The Query Optimizer will automatically repartition datasets read from Parquet files if individual partitions are too small. This will reduce the number of partitions in consequentially also the size of the task graph.

The Optimizer aims to produce partitions of at least 75MB and will combine multiple files together if necessary to reach this threshold. The value can be configured by using

>>> dask.config.set({"dataframe.parquet.minimum-partition-size": 100_000_000})

The value is given in bytes. The default threshold is relatively conservative to avoid memory issues on worker nodes with a relatively small amount of memory per thread.

Additional changes

2024.4.1

This is a minor bugfix release that that fixes an error when importing dask.dataframe with Python 3.11.9.

See GH#11035 and GH#11039 from Richard (Rick) Zamora for details.

Additional changes

2024.4.0

Highlights

Query planning fixes

This release contains a variety of bugfixes in Dask DataFrame’s new query planner.

GPU metric dashboard fixes

GPU memory and utilization dashboard functionality has been restored. Previously these plots were unintentionally left blank.

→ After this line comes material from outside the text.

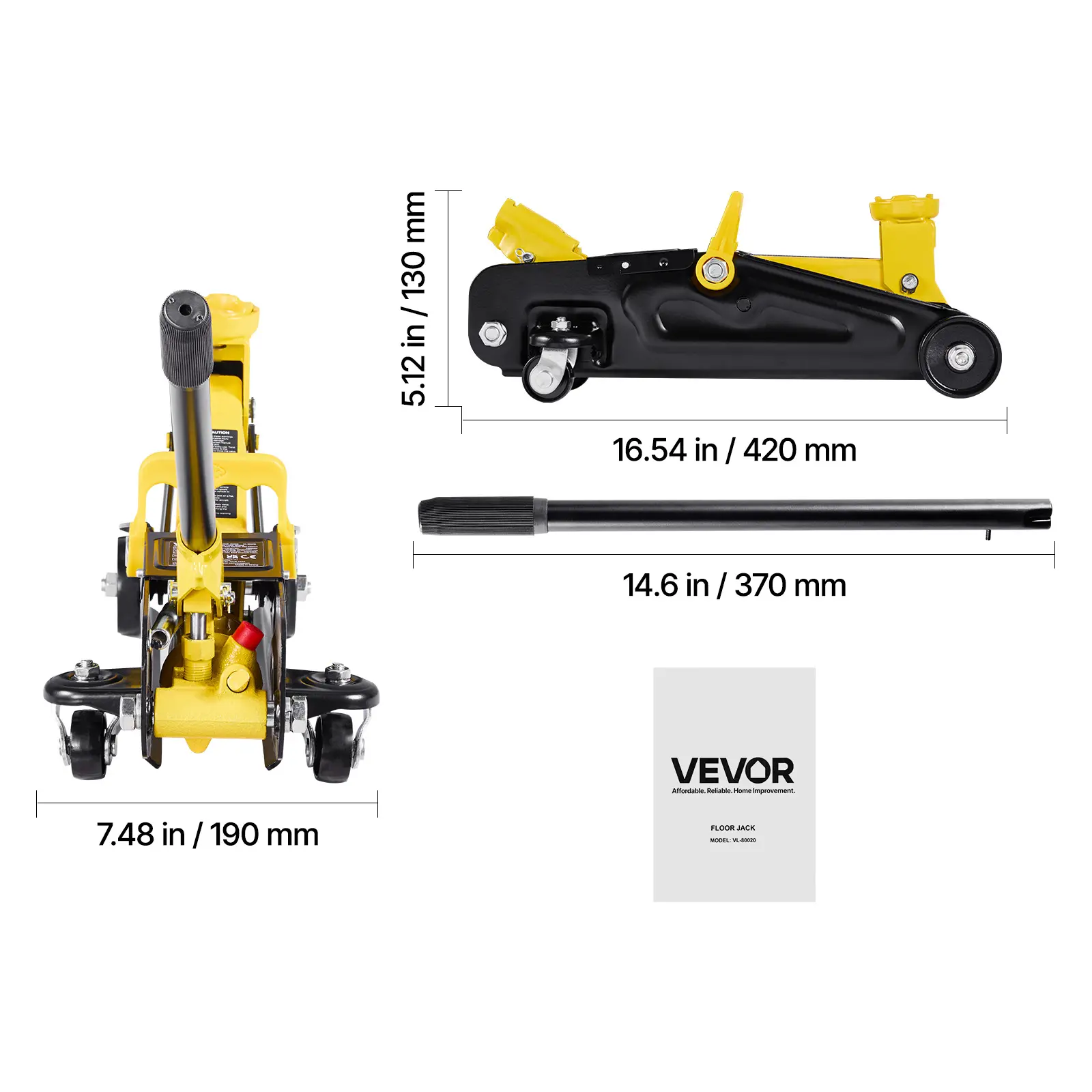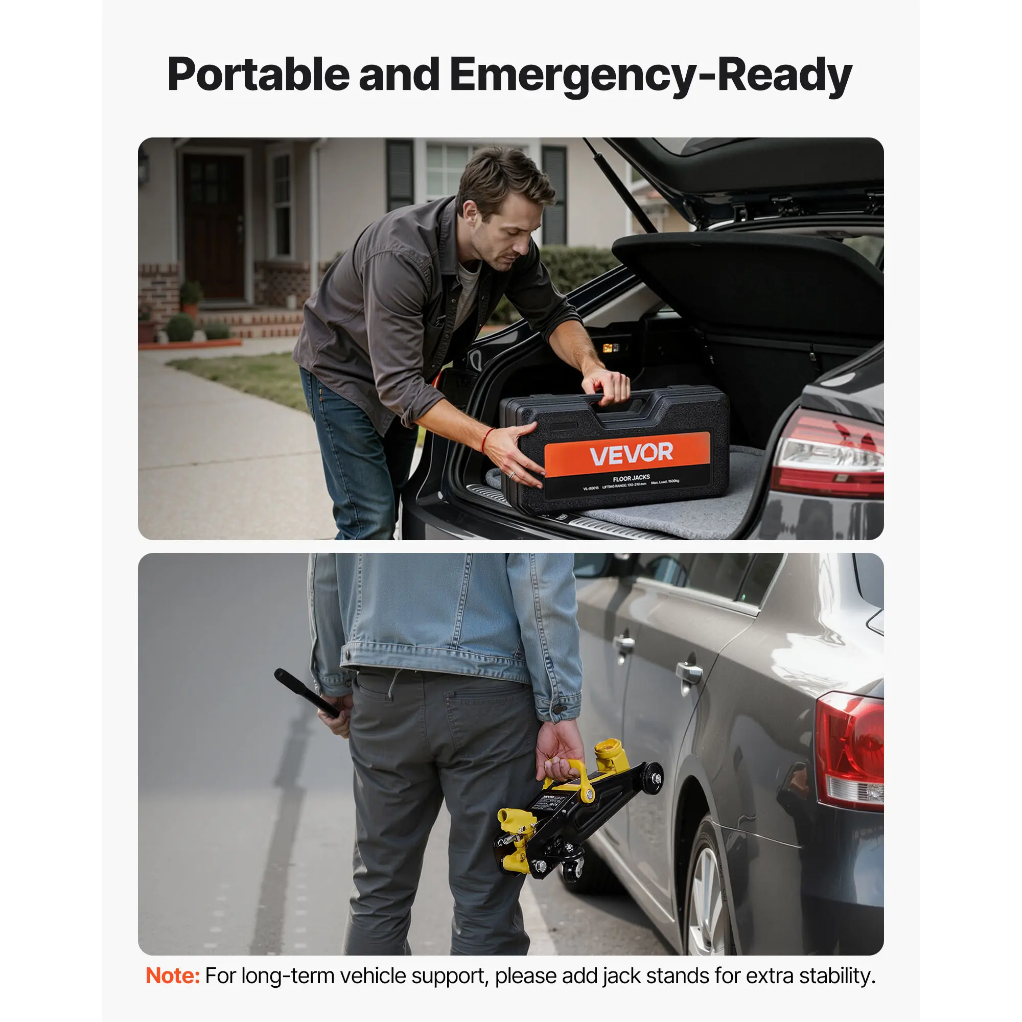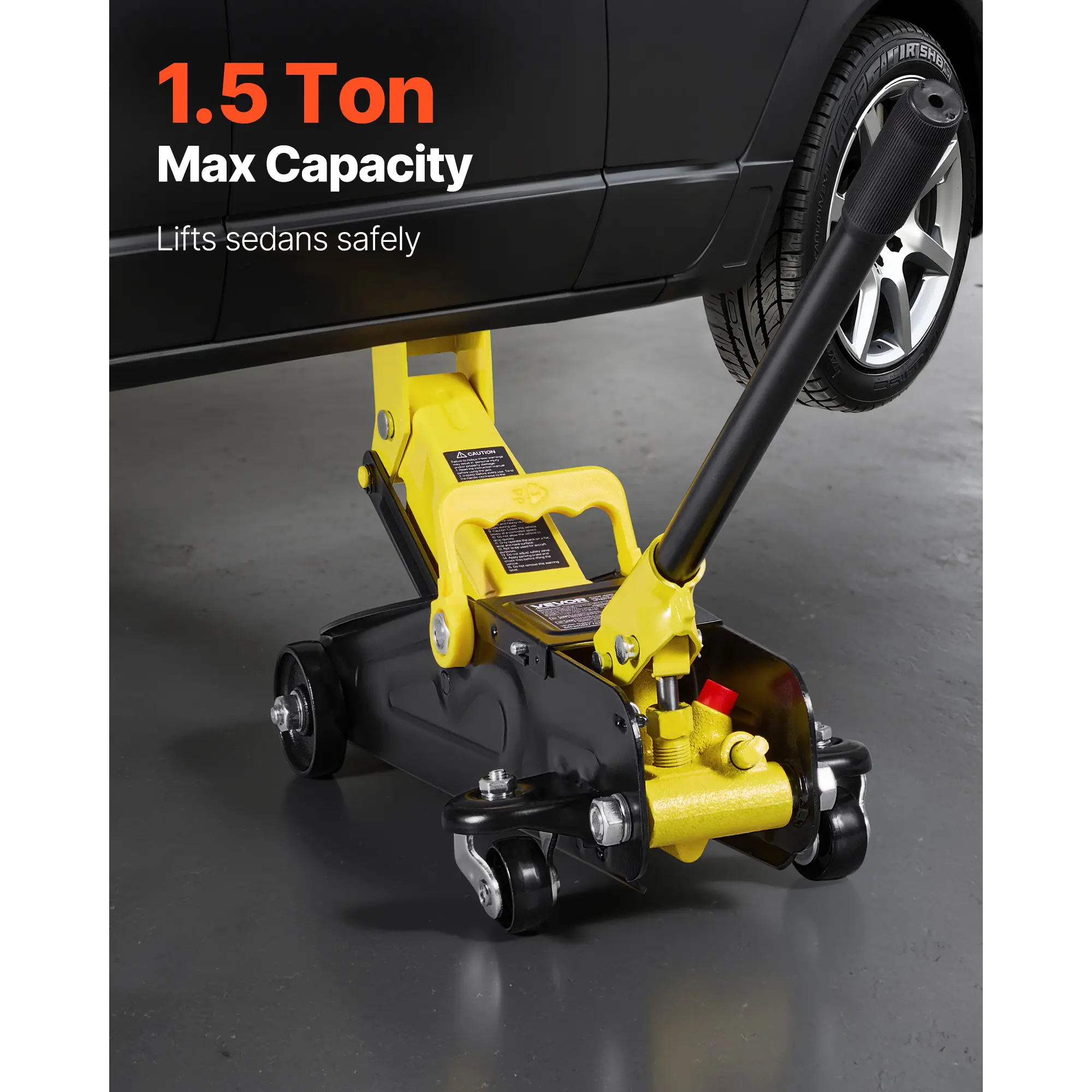 • 1.5T Maximum Load: Our floor jack supports up to 1.5 tons (3300 lbs), ideal for lifting sports cars and sedans. It's reliable for home maintenance, tire changes, brake checks, exhaust or suspension work. Note: For extended support, use with jack stands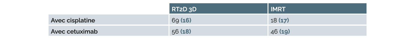 Tableau 1 : Taux de mucite sévère (grade 3-4) selon la technique de radiothérapie, sans PBM

See GH#8572 from Benjamin Zaitlen for details.

Additional changes

2024.3.1

This is a minor release that primarily demotes an exception to a warning if dask-expr is not installed when upgrading.

Additional changes

2024.3.0

Released on March 11, 2024

Highlights

Query planning

This release is enabling query planning by default for all users of dask.dataframe.

The query planning functionality represents a rewrite of the DataFrame using dask-expr. This is a drop-in replacement and we expect that most users will not have to adjust any of their code. Any feedback can be reported on the Dask issue tracker or on the query planning feedback issue.

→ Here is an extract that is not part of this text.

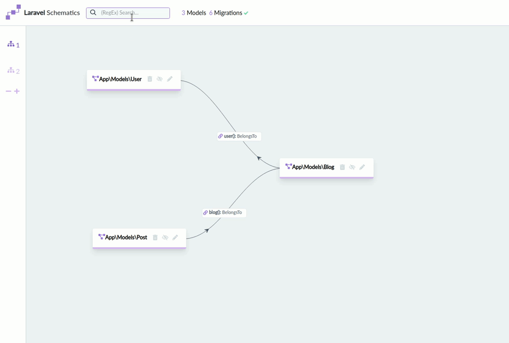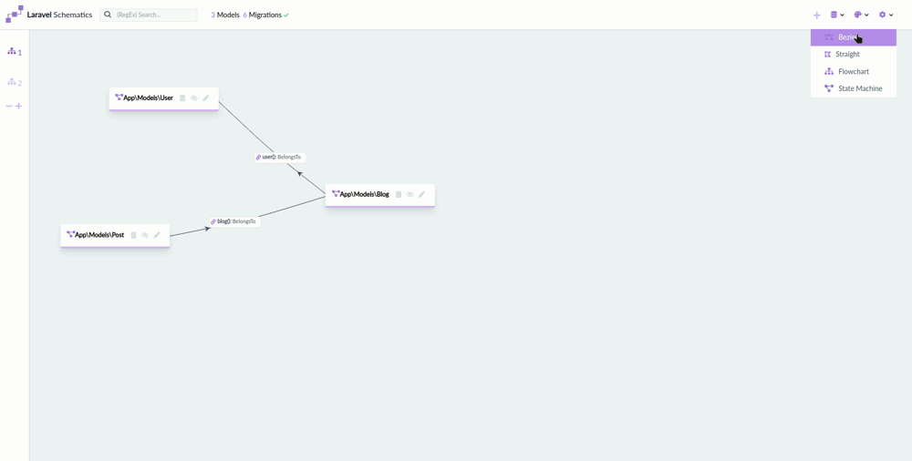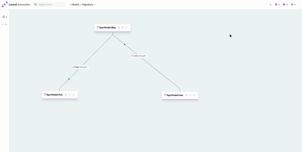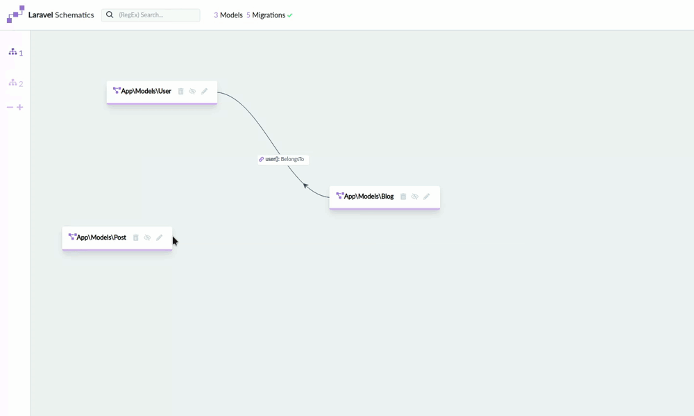 This package allows you to make multiple diagrams of your Eloquent models and their relations. It will help building them providing drag and drop relations, forms to create and edit your models and many options like adding resource controllers, form requests and running migrations by the click of a button or (configurable) automatically. It also will give you insights in the migrations you ran and the ones specified in your migrations folder.

If you are encountering any issues you are still able to opt-out by setting

>>> import dask
>>> dask.config.set({'dataframe.query-planning': False})

Sunset of Pandas 1.X support

The new query planning backend is requiring at least pandas 2.0. This pandas version will automatically be installed if you are installing from conda or if you are installing using dask[complete] or dask[dataframe] from pip.

The legacy DataFrame implementation is still supporting pandas 1.X if you install dask without extras.

Additional changes

2024.2.1

Released on February 23, 2024

Highlights

Allow silencing dask.DataFrame deprecation warning

The last release contained a DeprecationWarning that alerts users to an upcoming switch of dask.dafaframe to use the new backend with support for query planning (see also GH#10934).

This DeprecationWarning is triggered in import of the dask.dataframe module and the community raised concerns about this being to verbose.

It is now possible to silence this warning

# via Python
>>> dask.config.set({'dataframe.query-planning-warning': False})

# via CLI
dask config set dataframe.query-planning-warning False

See GH#10936 and GH#10925 from Miles for details.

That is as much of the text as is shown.